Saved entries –
== Segment start ==
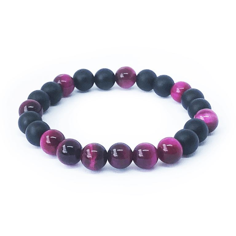 Kouzelné propojení barveného tygřího oka a onyxu. Náramek z minerálů růžové tygří oko a onyx je Kouzlo. Minerální náramek tvoří minerální kameny ochrany a podpory a minerální kameny vnitřní síly a odhodlání.
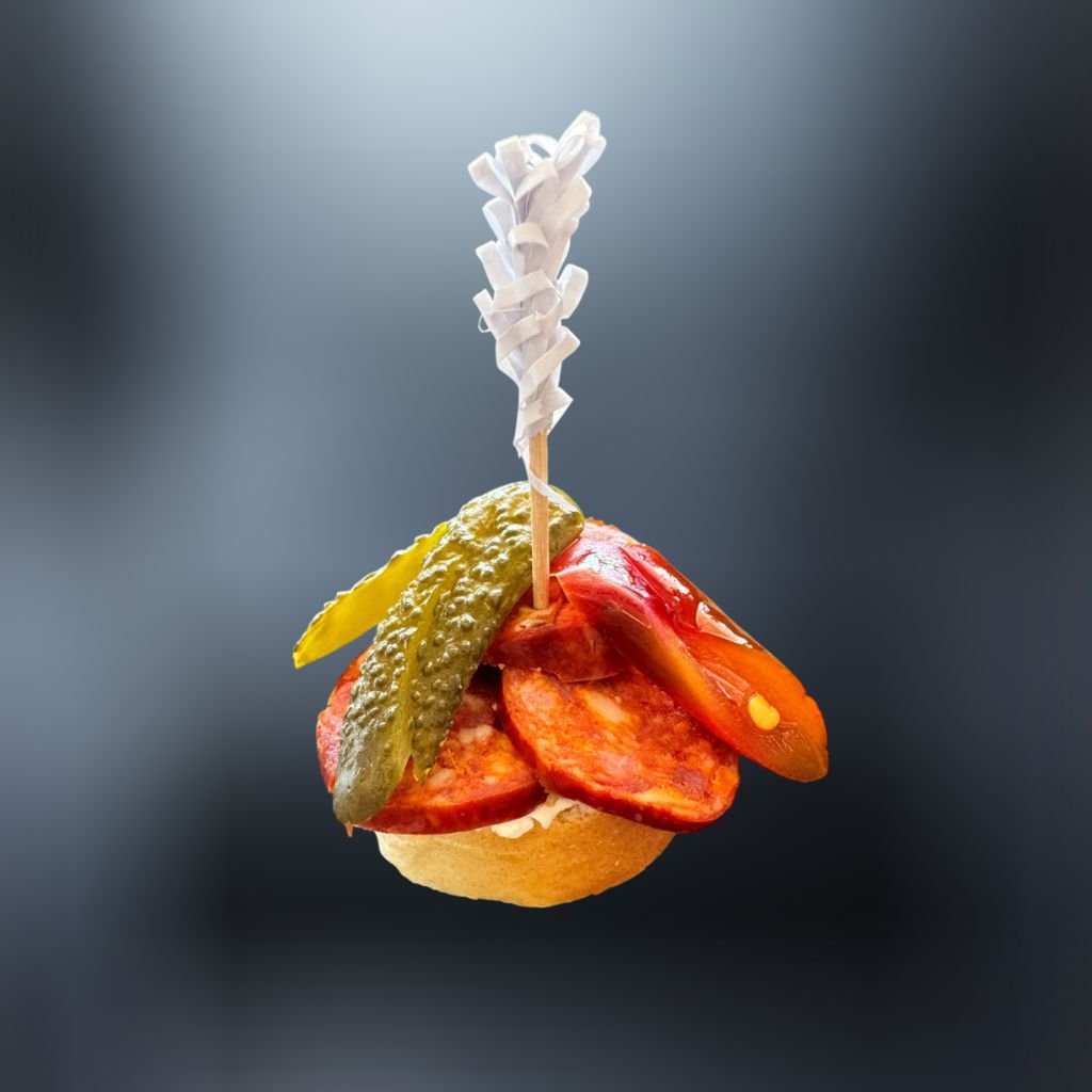 Na mäkkom rožku sa vyníma lahodná nátierka, doplnená sviežou uhorkou, šťavnatou rajčinou, chrumkavým šalátom lollo alebo ľadovým a korunovaná údenou klobáskou. 🥖🧀🥗🍅🥒
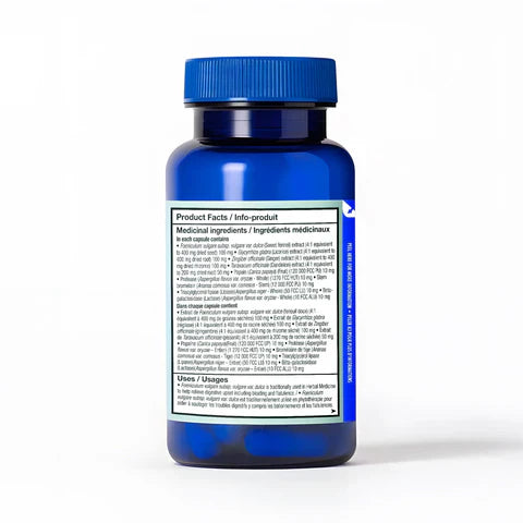 Cette formule anti-ballonnements deux-en-un utilise à la fois des enzymes digestives et des plantes médicinales qui facilitent la digestion pour améliorer la digestion sans ballonnements ni inconfort. Avec des enzymes qui favorisent la décomposition des protéines, des glucides et des graisses, ainsi que de la racine de gingembre, de la réglisse, du fenouil et du pissenlit, Bloaty vous permet de prendre vos repas à l'extérieur et à la maison sans l'inconfort ou la gêne causés par les ballonnements et les gaz.
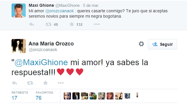 La actriz Ana María Orozco fue invitada a desposarse a través de Twitter.
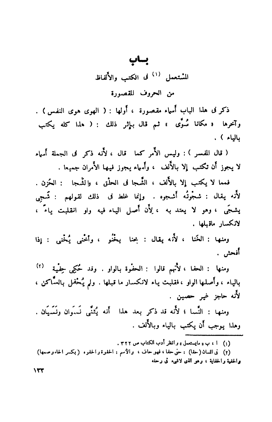 ذكر في هذا الباب أسماء مقصورة، أولها: (الهوى هوى النفس). وآخرها "مكاناً سوى" ثم قال بإثر ذلك: (هذا كله يكتب بالياء).
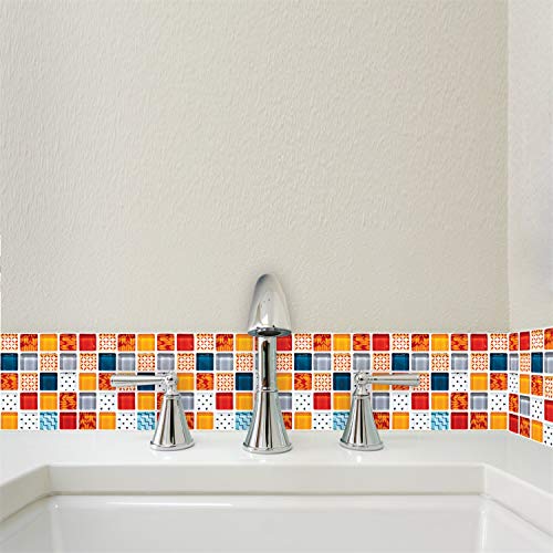 Z IMEI Impermeabile DIY Adesivi per Piastrelle Cucina 24 Pezzi Mosaico Autoadesivo Adesivi da Parete Decorazione Piastrelle Adesivi Bagno-colorato 20x20cm(7.9x7.9in)
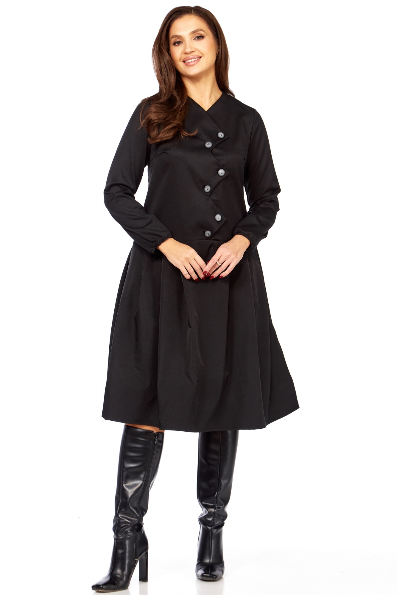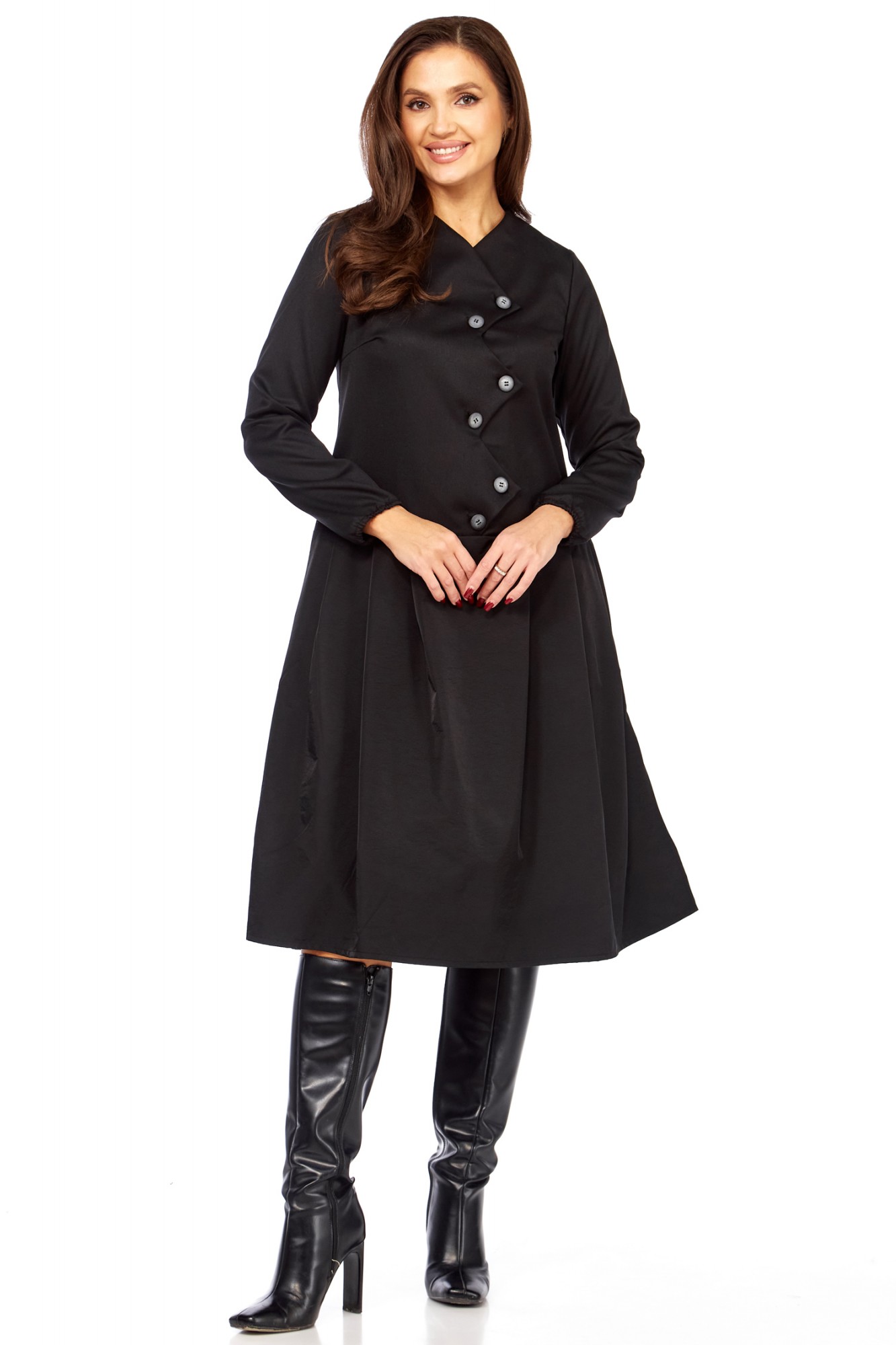 Платье с характером: Ваша новая визитная карточка стиля! Устали от обыденности? Ищете платье, которое расскажет о вас без слов? Встречайте модель, сочетающую в себе изысканность и смелый дизайн! Это миди-платье притягивает взгляд своей нестандартной асимметричной застежкой. Ряд контрастных светлых пуговиц, словно жемчужная дорожка, подчеркивает изящный крой и придает образу особую динамику и утонченность. Она не только придает платью неповторимый шарм, но и визуально вытягивает силуэт, делая его еще более стройным и грациозным. Идеальный крой – приталенный лиф, подчеркивающий талию, и расклешенная юбка со складками, создающая воздушный и женственный силуэт. Длинные рукава добавляют завершенности и элегантности. Это платье в глубоком черном цвете — настоящая находка для тех, кто ценит универсальность без компромиссов в стиле. Оно одинаково великолепно смотрится с лодочками для делового мероприятия, с ботильонами для похода в театр или с высокими сапогами для осенней прогулки. Почувствуйте себя неотразимой! Комфортное, стильное и абсолютно уникальное – оно создано, чтобы вы чувствовали себя на высоте. Откройте для себя совершенство в деталях!
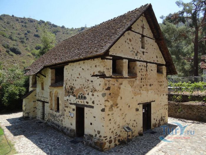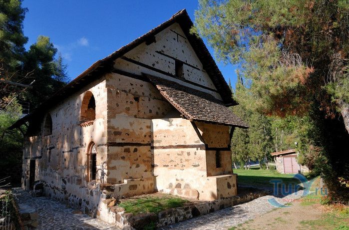 Церковь Святого Николая Под Крышей расположена в двух километрах от деревни Какопетрия, у подножья Троодосских гор. Это единственная церковь, сохранившаяся от древнего монастыря XI века, она считается одной из самых интересных византийских церквей на Кипре. Монастырь процветал и в Византийский период, и в годы владычества на острове франкских рыцарей. В XVII столетии начался его упадок, а в начале XIX века, со смертью последнего монаха Герасимоса, имущество и строения обители были описаны и сданы в аренду. До наших дней сохранилась лишь церковь Святого Николая под крышей. Храм изначально имел крестово-квадратную форму, типичную для византийских церквей, и был увенчан традиционным куполом. Притвор и неф церкви были построены в XII веке. К концу XII столетия храм накрыли крутой двускатной крышей, под которой сегодня скрывается крестообразный свод и купол. Крышу возвели для дополнительной защиты церковного строения и уникальных настенных росписей от разрушительного воздействия снегов, дождей и ветров. Именно благодаря этой крыше церковь и получила название "Под крышей". Мировую известность церковь Святого Николая под крышей приобрела благодаря своей настенной росписи, которая создавалась в течение более 600 лет, с XI по XVII век. Росписи XI столетия сохранились фрагментарно, до наших дней дошли фрески Жизнь Иисуса, Воскрешение Лазаря, Успения Девы Марии и Святого Николая, в левом углу которой увековечен образ жертвователя, оплатившего её создание. Картина Сорок мучеников Севастийских датируется XII веком и посвящена первым христианам, принявшим мученическую смерть. Большая часть росписей была выполнена в XIV веке - Распятие, Воскресение, изображения Христа-Пантократора на куполе храма, Пророков и евангелистов - на купольном барабане, в нефе и притворе изображена группа святых в натуральную величину. Фреска с редким иконографическим типом Святой Марии, кормящей грудью Божественное дитя, расположенная справа от иконостаса, также была написана в XIV столетии. Картина сохранила оригинальные цвета и краски и ни разу с момента своего создания не реставрировалась. Наиболее поздние настенные росписи датируются 1633 годом, это изображения апостолов Петра и Павла, которые украшают восточные пирсы, поддерживающие купол. Церковный иконостас был изготовлен в XVII веке, он отделяет алтарное пространство от всего храма. Церковь Святого Николая под крышей - один из важнейших религиозных памятников Кипра, её называют Музеем византийского искусства. В 1985 году церковь была внесена в список Всемирного наследия ЮНЕСКО.
== Segment end ==
The answer must be an exact copy of the lines above, from the start of the records through the line with "Na mäkkom rožku", and of nothing else; no pictures belong in it.

 Kouzelné propojení barveného tygřího oka a onyxu. Náramek z minerálů růžové tygří oko a onyx je Kouzlo. Minerální náramek tvoří minerální kameny ochrany a podpory a minerální kameny vnitřní síly a odhodlání.
 Na mäkkom rožku sa vyníma lahodná nátierka, doplnená sviežou uhorkou, šťavnatou rajčinou, chrumkavým šalátom lollo alebo ľadovým a korunovaná údenou klobáskou. 🥖🧀🥗🍅🥒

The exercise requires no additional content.